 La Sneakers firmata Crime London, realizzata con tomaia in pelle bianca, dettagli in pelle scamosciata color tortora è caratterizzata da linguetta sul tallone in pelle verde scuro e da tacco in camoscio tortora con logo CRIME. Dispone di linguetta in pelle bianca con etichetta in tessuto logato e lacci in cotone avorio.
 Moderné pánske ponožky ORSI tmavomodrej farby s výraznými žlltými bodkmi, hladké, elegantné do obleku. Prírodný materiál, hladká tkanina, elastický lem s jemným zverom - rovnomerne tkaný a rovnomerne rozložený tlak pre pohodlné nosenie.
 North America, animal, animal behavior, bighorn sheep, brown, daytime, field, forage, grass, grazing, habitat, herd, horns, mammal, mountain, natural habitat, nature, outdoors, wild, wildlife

---

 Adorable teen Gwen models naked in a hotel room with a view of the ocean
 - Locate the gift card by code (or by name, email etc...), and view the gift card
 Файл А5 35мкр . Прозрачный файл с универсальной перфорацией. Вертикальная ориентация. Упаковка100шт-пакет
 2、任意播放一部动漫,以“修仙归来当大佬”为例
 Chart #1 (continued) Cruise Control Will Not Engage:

- _Assignment_
Starting with the line above that holds "Файл А5 35мкр" and stopping with the line that holds "Chart #1 (continued)", reproduce each line exactly, omitting all other lines.

- _Exercise output_
 Файл А5 35мкр . Прозрачный файл с универсальной перфорацией. Вертикальная ориентация. Упаковка100шт-пакет
 2、任意播放一部动漫,以“修仙归来当大佬”为例
 Chart #1 (continued) Cruise Control Will Not Engage:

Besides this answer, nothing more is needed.